Each line that has the string "está" must be copied from the records below.

[Opening Entries provided section]

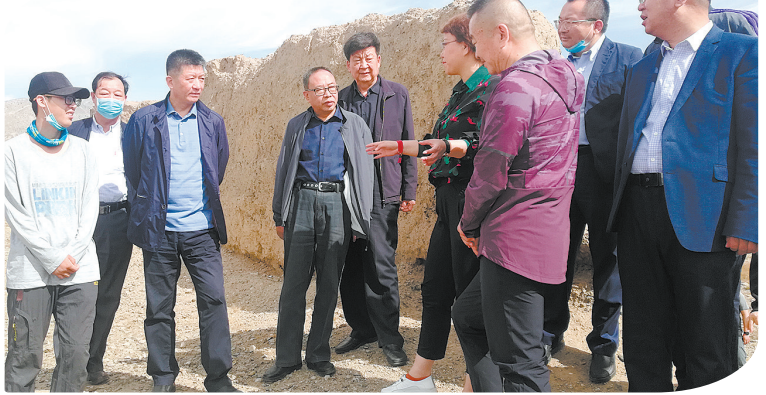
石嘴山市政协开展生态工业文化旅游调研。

[Closing Entries provided section]
[Opening Entries provided section]

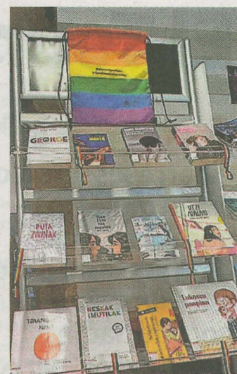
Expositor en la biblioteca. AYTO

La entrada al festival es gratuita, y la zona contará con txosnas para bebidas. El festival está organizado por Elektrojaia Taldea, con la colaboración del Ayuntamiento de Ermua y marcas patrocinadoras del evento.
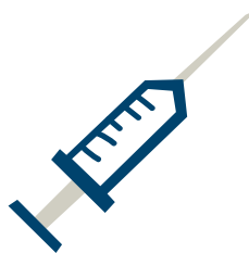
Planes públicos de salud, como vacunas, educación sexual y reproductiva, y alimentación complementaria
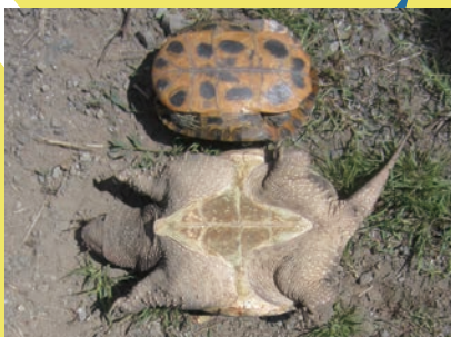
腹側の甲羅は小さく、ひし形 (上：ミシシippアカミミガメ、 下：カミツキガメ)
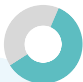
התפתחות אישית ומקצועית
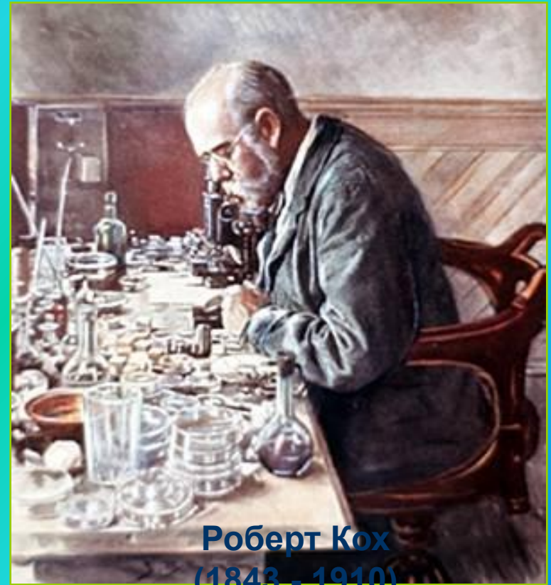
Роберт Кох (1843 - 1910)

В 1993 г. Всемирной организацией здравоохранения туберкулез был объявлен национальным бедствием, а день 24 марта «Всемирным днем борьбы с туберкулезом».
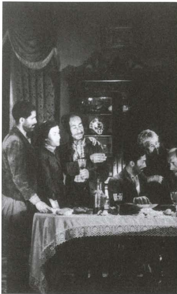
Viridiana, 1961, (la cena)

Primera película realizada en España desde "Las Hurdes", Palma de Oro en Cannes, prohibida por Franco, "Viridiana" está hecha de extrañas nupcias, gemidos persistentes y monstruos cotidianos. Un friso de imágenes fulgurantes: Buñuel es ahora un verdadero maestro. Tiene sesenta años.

[Closing Entries provided section]

Expected answer ▸
La entrada al festival es gratuita, y la zona contará con txosnas para bebidas. El festival está organizado por Elektrojaia Taldea, con la colaboración del Ayuntamiento de Ermua y marcas patrocinadoras del evento.
Primera película realizada en España desde "Las Hurdes", Palma de Oro en Cannes, prohibida por Franco, "Viridiana" está hecha de extrañas nupcias, gemidos persistentes y monstruos cotidianos. Un friso de imágenes fulgurantes: Buñuel es ahora un verdadero maestro. Tiene sesenta años.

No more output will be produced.